The winning numbers are:
W = {0, 2, 5, 7, 17, 19, 22, 50} That's all folks.
The losing numbers are those numbers of the form w + s, where:
w is in W
s is in S, the set of positive squares and cubes.
Everything else is a draw.
Why?
0 is a win.
So all numbers s in S lose.
So 2 is a win, since all moves from there lose.
So 2 + S all lose.
Thus we build up each winning number, (and then its associated family of losers)
on the basis of only the numbers we have resolved the fate of before.
We reach a total of eight winners.
Key point: Suppose there are more winners. One of these, w9 is such that all
possible moves from it are in the set W + S (the set of numbers w + s, w in W,
s in S).
To see this, suppose this were not the case. I.E. There are more winners, but
non of them have the property stated for w9. Then from x0, a win for us, our
opponent makes a move that avoids entering W + S, this time round. We follow
our winning strategy, and play x1, another winning position for us. But once
again, our opponent can avoid enter the killing zone of W + S. Indeed our
opponent can up this jig indefinitely, either diverging xi towards infinity,
or cycling. Contradiction.
Therefore, if there's another winner it satisfies the property of w9 above.
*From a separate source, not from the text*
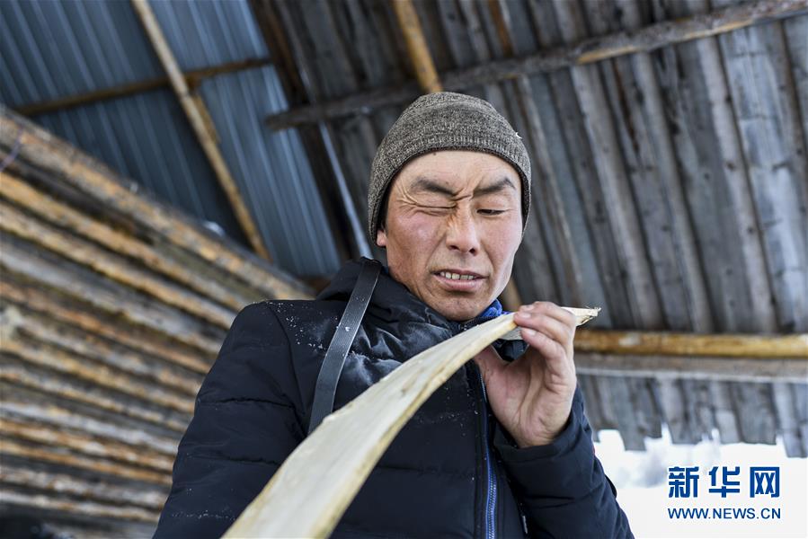 在新疆布爾津縣禾木村的一處冬季牧場(chǎng),森格爾在制作毛皮滑雪板時(shí)檢查滑雪板的平面(1月3日攝)。新華社記者 胡虎虎 攝

So for all s in S, there exists s' in S, w in W, such that:
w9 = s + s' + w
(For completeness, it must also be the case that there exists sd in S, wd in W,
such that:
2*w9 = sd + wd,
but I'm not going to use this).
We'll consider the three values in S: 1, 9 and 25 (the reason for their choice
will become evident in a moment. It's a sneaky one).
So we can conclude the existence of s'a, s'b and s'c, w'a, w'b and w'c,
such that:
w9 = 1 + s'a + w'a
w9 = 9 + s'b + w'b
w9 =25 + s'c + w'c
Now each of the s'i is *either* a square or a *cube* (possibly both (e.g. 1)).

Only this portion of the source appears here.